First, I’m going to make some R equations. We don’t really care what these functions are for the purposes of this exercise. But it one is curious, these equations are very, very loosely based on specific yield relationships, as a function of water table depth and microtopography. The main function being test is: full_balance.

sy <- function(x, cond) {
  out <- ifelse(cond < x, 1, 0)
  out <- 1 - (sum(out) / length(x))
  ifelse(out <= 0.01, 0.01, out)
}

new_cond <- function(curr, addit, subtrac, microt) {
  sy_cond <- sy(microt, curr)
  curr + (addit + subtrac) / sy_cond
}

full_balance <- function(iterations, initial, addition, subtraction, add_sd,
  sub_sd, microtopo) {
  #Initialize
  N <- length(addition) #rows
  M <- iterations #columns
  out <- matrix(nrow = N, ncol = M)
  out[1,] <- initial
  add_error <- matrix(rep(addition, times = M) + rnorm(N * M, 0, add_sd),
    nrow = N, ncol = M, byrow = FALSE)
  sub_error <- matrix(rep(subtraction, times = M) + rnorm(N * M, 0, sub_sd),
    nrow = N, ncol = M, byrow = FALSE)
  #Execute
  for(i in 1:iterations) { #columns
    for(j in 2:length(addition)) { #rows
      out[j, i] <- new_cond(out[j - 1, i], add_error[j, i], sub_error[j, i],
        microtopo)
    }
  }
  #Return
  as.data.frame(out)
}

C++ (Rcpp) equations

Similar functions to those above, but implemented in C++ via the Rcpp package. I should note that I’m not a C++ programmer, so I tried my best to match the functions of the two languages.
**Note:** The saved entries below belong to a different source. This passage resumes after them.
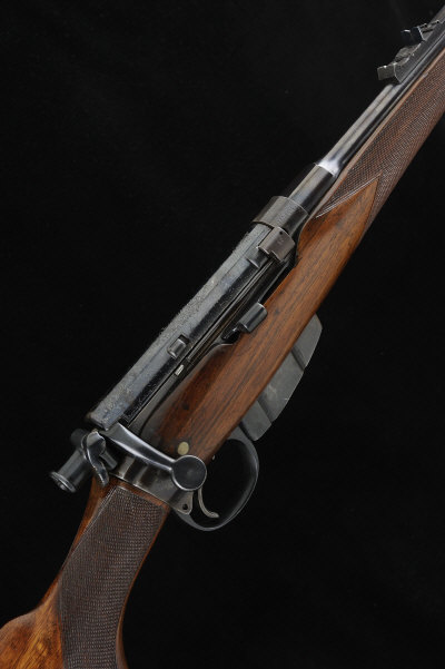 25 1/4-inch barrel with ramp fore sight and folding leaf sight, ladder sight missing, bolt with engraved dust cover, safety to cocking piece, bolt with turned out handle, the receiver with magazine cut-off, the half length stock with pistol grip and ribbed butt plate, 14-inch pull, sling eyes, 6lb. 12oz., nitro proof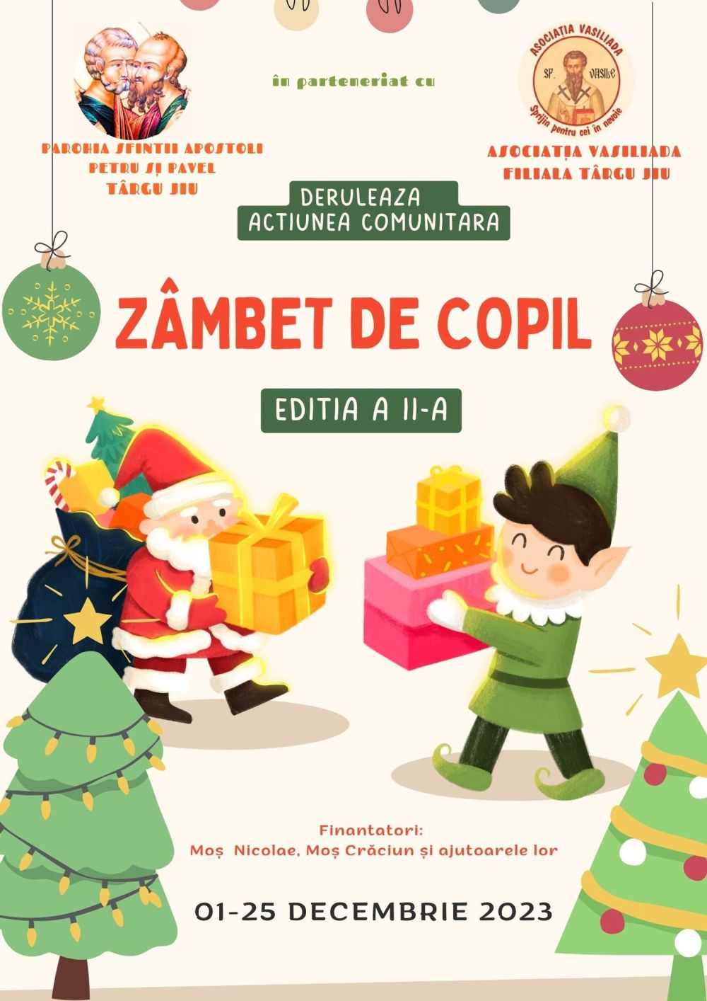 Parohia “Sfinții Apostoli Petru și Pavel”, în parteneriat cu filiala Târgu Jiu a Asociației VASILIADA, a organizat în luna decembrie a anului 2023 ediția a II-a a campaniei umanitară “ZÂMBET DE COPIL”.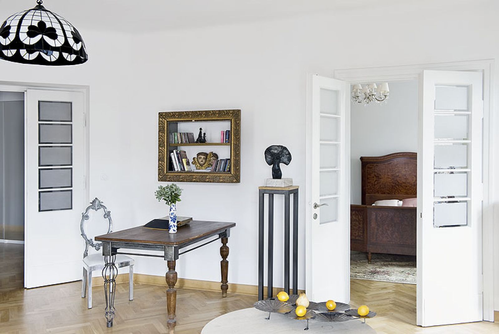 Żeby zachować ducha domu z dawnych czasów, trochę rzeczy dokupiły na Kole: łóżko, szafę. Starannie odnowione zostały wszystkie przedwojenne drzwi. Na podłodze była dębowa klepka. Stara, skrzypiąca. Fachowcy ocenili: nic z tego nie będzie, trzeba zdzierać. Okazało się, że legary były spróchniałe, ale klepka zdrowa. Pod nią leżały gazety z lat 30. Idealnie zachowane, można było je sobie poczytać.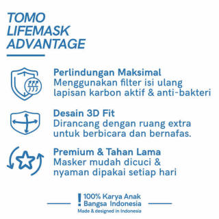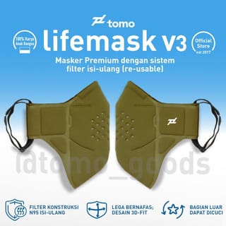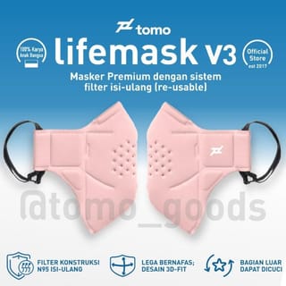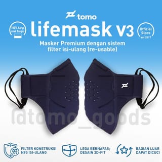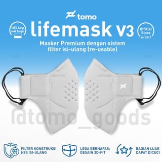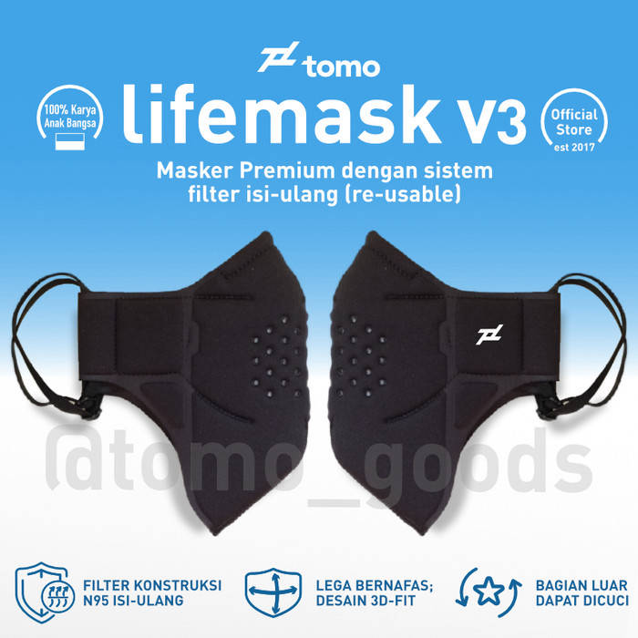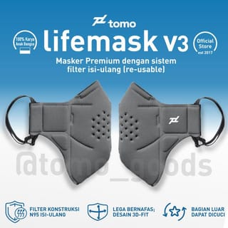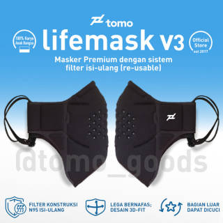 For OTHER COLORS variants, check our store page at tokopedia.com/tomogoods For users under 90kg, on average, use size M. Premium washable anti-pollution mask system, and refillable activated carbon filter. Available in 3 sizes for the best fit and comfort 3D Fit design that makes you relieved/not crowded. - Premium Anti-Pollution System (Reusable) - Includes 2 pcs Multi-Layer N95 Activated Carbon Filter - Ergonomic and comfortable 3D-Fit design (patent-pending) - Comfort loops + Neck Strap (which can be attached/removed) For users under 90kg on average, use size M.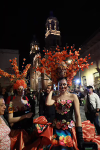 Las calles se llenaron de comparsas de catrinas y catrines, carros alegóricos, música en vivo, alebrijes y esculturas móviles, en un ambiente de respeto y admiración por las tradiciones que dan identidad al pueblo mexicano.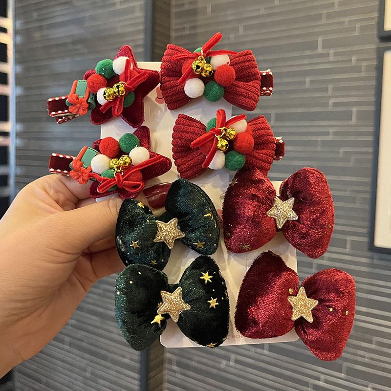 Christmas Bells & Bow Hair Clips Set for Girls - Festive Pompon Hairpins & Autumn/Winter Ties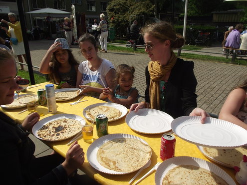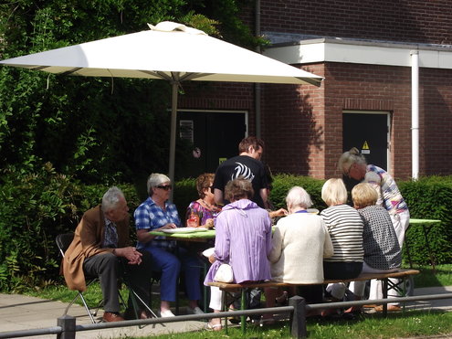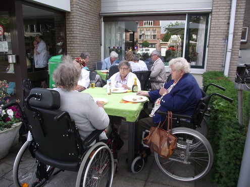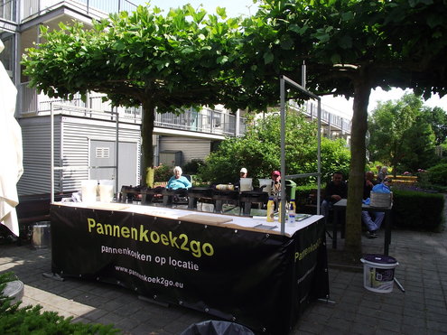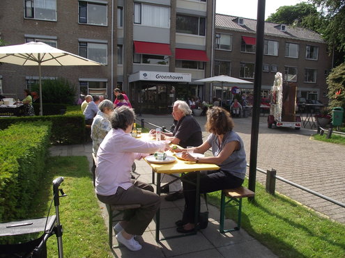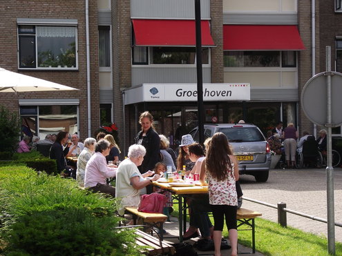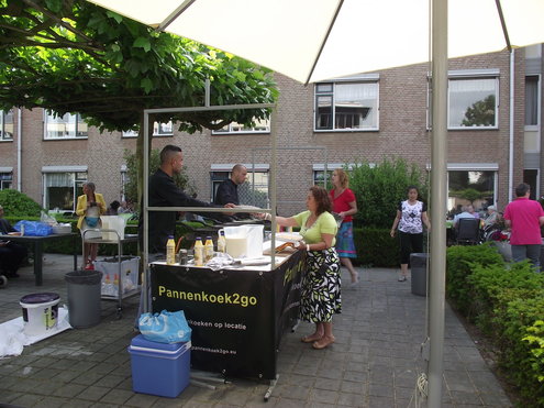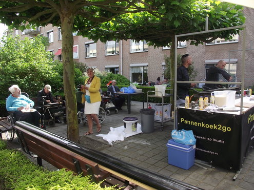 Gistermiddag was het feest bij woonzorgcentrum Groenhoven aan de Witte Rozenstraat. Bewoners, familie, vrienden en buurtgenoten smulden van de versgebakken pannenkoeken, een lekker drankje en gezellige muziek van het draaiorgel. Iedereen had het duidelijk naar de zin en petje af voor personeel en vrijwilligers, die heen en weer liepen met grote stapels pannenkoeken en drankjes; het was een geslaagd feestje! (Foto’s: Jacqueline Borg.)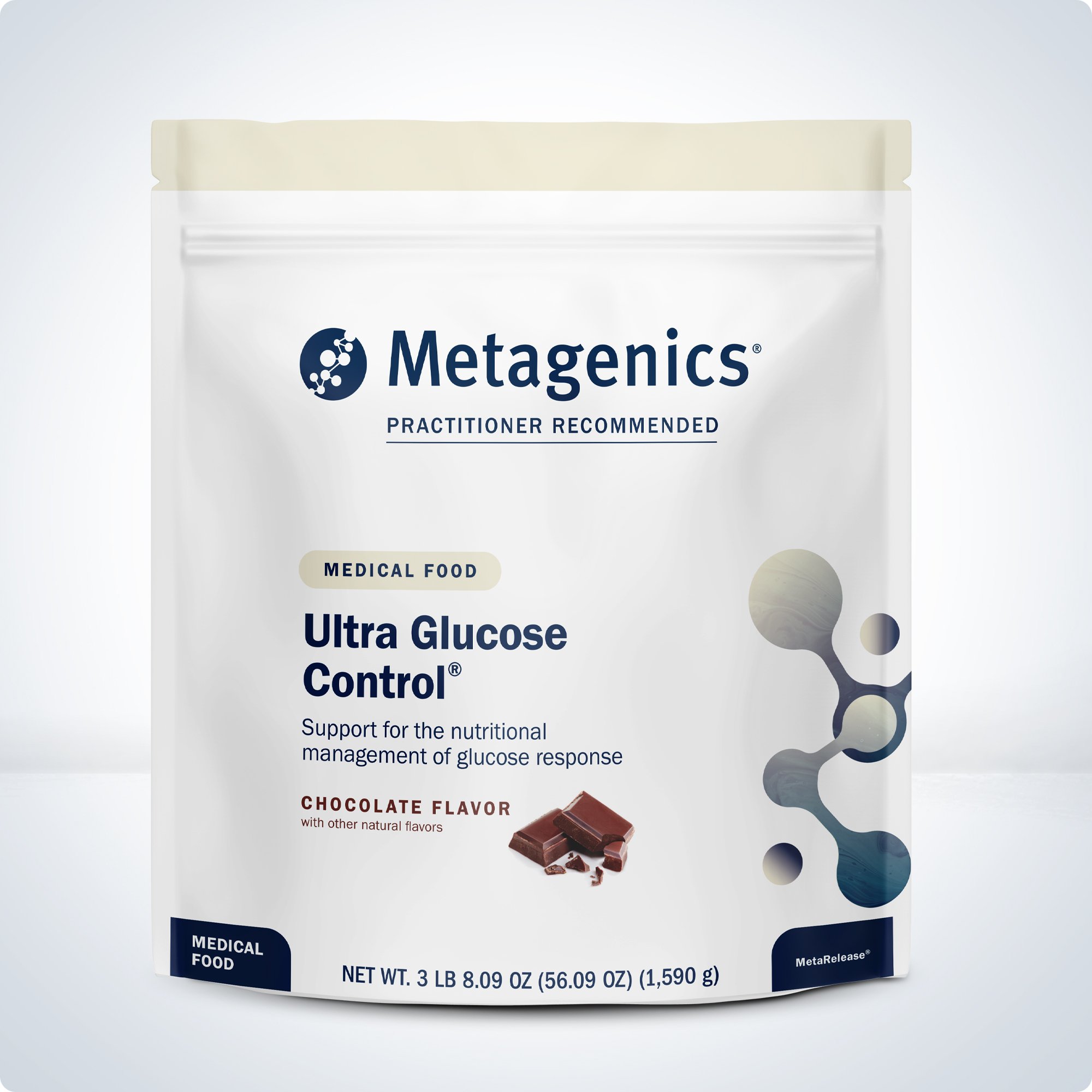 Formulated for the nutritional management of glucose response. It is designed for individuals who may need additional support in controlling their blood sugar levels. 30 servings, chocolate flavor.

The main function being test is: full_balance_cpp.

#include <Rcpp.h>
using namespace Rcpp;

// [[Rcpp::export]]
double sy_cpp(NumericVector x, double cond) {
  //Declare
  int N = x.length();
  NumericVector cond_sum(N);
  double out;
  //First ifelse()
  // Short-hand form:
  for(int i = 0; i < N; i++) {
    cond_sum[i] = (cond < x[i] ? 1 : 0);
  }
  //`out` line
  out = 1 - (sum(cond_sum) / N);
  //Second ifelse()
  if(out <= 0.01) {
    out = 0.01;
  }
  //Explicit return statement
  return out;
}

// [[Rcpp::export]]
double new_cond_cpp(double curr, double addit, double subtrac,
  NumericVector microt) {
  //Declare
  double sy_cond;
  double out;
  //Execute
  sy_cond = sy_cpp(microt, curr);
  out = curr + (addit + subtrac) / sy_cond;
  //Return
  return out;
}

// [[Rcpp::export]]
DataFrame full_balance_cpp(int iterations, double initial,
  NumericVector addition, NumericVector subtraction, double add_sd,
  double sub_sd, NumericVector microtopo) {
  //Declare
  int N = addition.length(); //Rows
  int M = iterations; //Columns
  NumericMatrix add_error(N, M);
  NumericMatrix sub_error(N, M);
  NumericMatrix out_mat(N, M);
  
  //Initialize
  //Set initial conditions for each iteration
  for(int i = 0; i < M; ++i) {
    out_mat(0,i) = initial; //Note `out()` instead of `out[]` for indexing matrices
  }
  
  //Execute
  //Matrix of observations with error
  for(int i = 0; i < M; ++i) {
    add_error(_, i) = addition + rnorm(N, 0 , add_sd);
    sub_error(_, i) = subtraction + rnorm(N, 0 , add_sd);
  }
  //Loop through each set of observations
  for(int i = 0; i < M; ++i) {
    for(int j = 1; j < N; ++j){
      out_mat(j, i) = new_cond_cpp(out_mat(j - 1, i), add_error(j, i),
        sub_error(j, i), microtopo);
    }
  }
  
  //Return a dataframe of results
  //Explicit coercion to a different, compatable type following the pattern:
  // as<type>(object)
  DataFrame out = as<DataFrame>(out_mat);
  return out;
}

Data

Now let’s generate some data to use with our functions. Again, we don’t really care what the data actually means – it’s just an example.

per_obs <- 1:200
per_n <- length(per_obs)

add_means <- 0.5 * (sin(seq(0, 2 * per_n / 100 * pi, length.out = per_n))) +
  abs(rnorm(per_obs))
add_means <- ifelse(add_means < 0 , 0, add_means)
sub_means <- 0.75 * (cos(seq(0, 2 * per_n / 100 * pi, length.out = per_n)) - 2) +
  abs(rnorm(per_obs))
sub_means <- ifelse(sub_means > 0 , 0, sub_means)

add_sds <- 1
sub_sds <- 1

init_cond <- 0

micro <- map2(.x = c(-4, -2, 0, 2, 5), .y = c(3, 1, 2, 4, 1),
  ~ rnorm(2000, .x, .y)) %>%
  simplify()

But what does the data look like (just for fun)?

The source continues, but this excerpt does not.